For Nielsen's part, the measurement company isn't so certain a launch of the sweet-spot "brand-specific" ratings is imminent. While Nielsen acknowledges it could soon provide the information, obtaining commitments, meaning money, from clients to ensure it is an entirely different matter.
A Nielsen representative poured cold, though not freezing, water on Liodice's bullishness. "We will support the industry when and if they want commercial ratings," he said.
Horizon research chief Brad Adgate noted that the current C3 metric has been viewed by many as just an "intermediary step," or weigh station, on the road to the ad-specific numbers.
On the surface, commercial ratings offer a wealth of opportunity for buyers and sellers. But their prospect is riddled with questions and contradictions.
On the one hand, they would provide marketers with considerable insight into a particular ad's resonance -- or when it has run its course. Then again, that could be pretty expensive real-time testing. Focus groups are hardly foolproof, but a far lot cheaper than a big buy on ABC.
Creative agencies could find themselves in some battles with clients. Would poorly rated commercials they've crafted really be their fault?
Or, would that be the result of what shows the ads ran in -- and where inside a show.
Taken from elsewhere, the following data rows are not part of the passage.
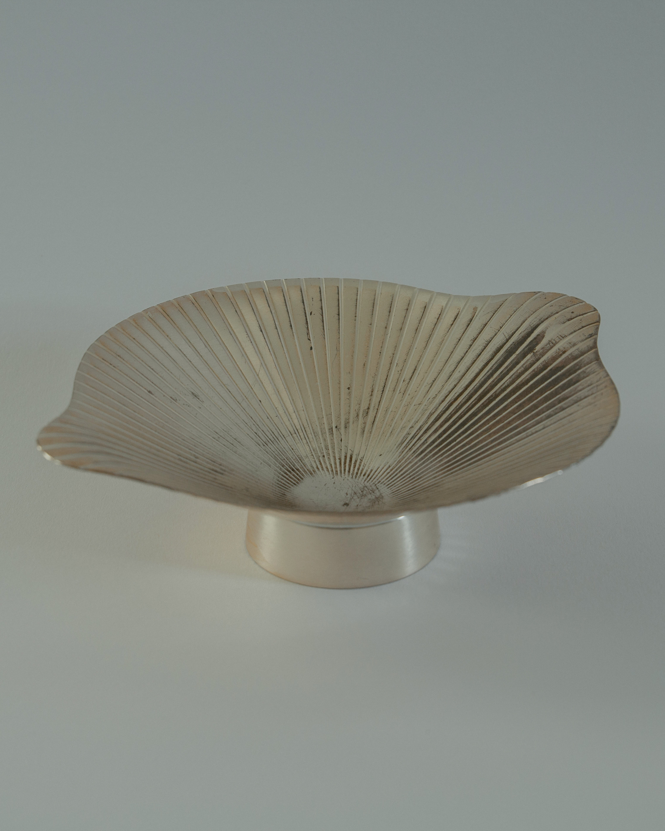 Shallow dish made of silver plated metal, with a ribbed surface and gently wavy rim. Shows natural signs of age and wear.
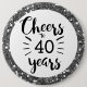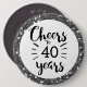 Ett silver glitter hejar på en knapp på 40 år som är underbar för en 40-årsdag, 40-årsdag osv. Observera att det inte finns någon egentlig glitter på den här produkten utan en designeffekt.
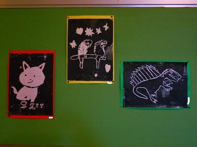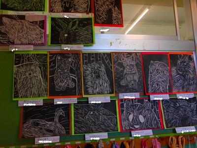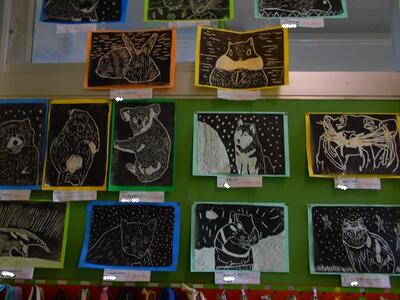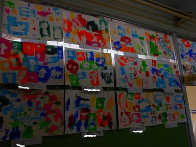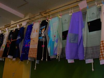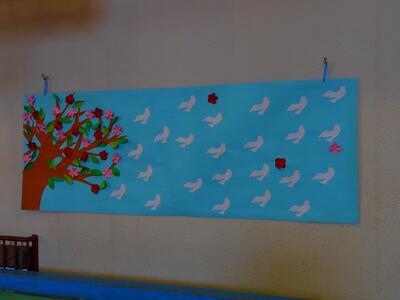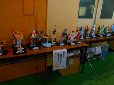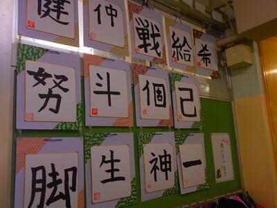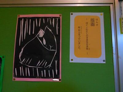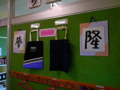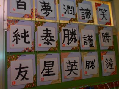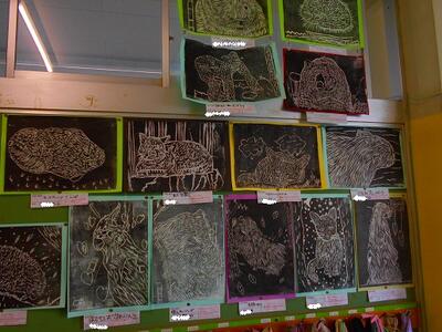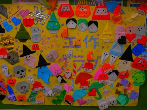 紙工作クラブが職員室前に、クラブで作った作品を展示しています。

If an ad came after a spot touting a weekend pillow-case sale at Kohl's, that could be trouble. "You certainly don't want to be penalized by following an ad that doesn't perform as well," said Charlene Weisler, an industry researcher.
That is also an issue for networks. Suddenly, they could be in the business of evaluating creative. If a spot has poor ratings, they might have to hand cash back to clients, who've been guaranteed a certain performance. Not only could a clunker of a spot bring a low rating for the advertiser, but it could send viewers away, diminishing ratings for the spots that follow it.
Networks would likely have to do even more -- and constant -- experimentation with, and monitoring of, pod positioning. The value of the first spot in a break could potentially go up exponentially, while one in the middle could suffer just as dramatically. Taking greater pains to ensure that ads run in rotation could become more critical.
And positioning challenges might upend networks' long-held promotional model. Would it make sense to cede that first position in a break to advertisers rather than keeping it for their own promos? Horizon's Adgate suggested a network confident in the power of its creative might insert a promo in the middle of break to maintain attention for the spots following it, but if viewers have turned away, what good is that?
Certainly, networks would welcome even more movie trailers. Considered some of the more engaging spots, their presence might provide a high-tide-lifts-all-boats dynamic for all advertisers.
Will the ANA gets its wish, the sweet spot of commercial ratings? Weisler said: "We're headed there, but I would understand why both advertisers and networks would want to go slow, each for different reasons."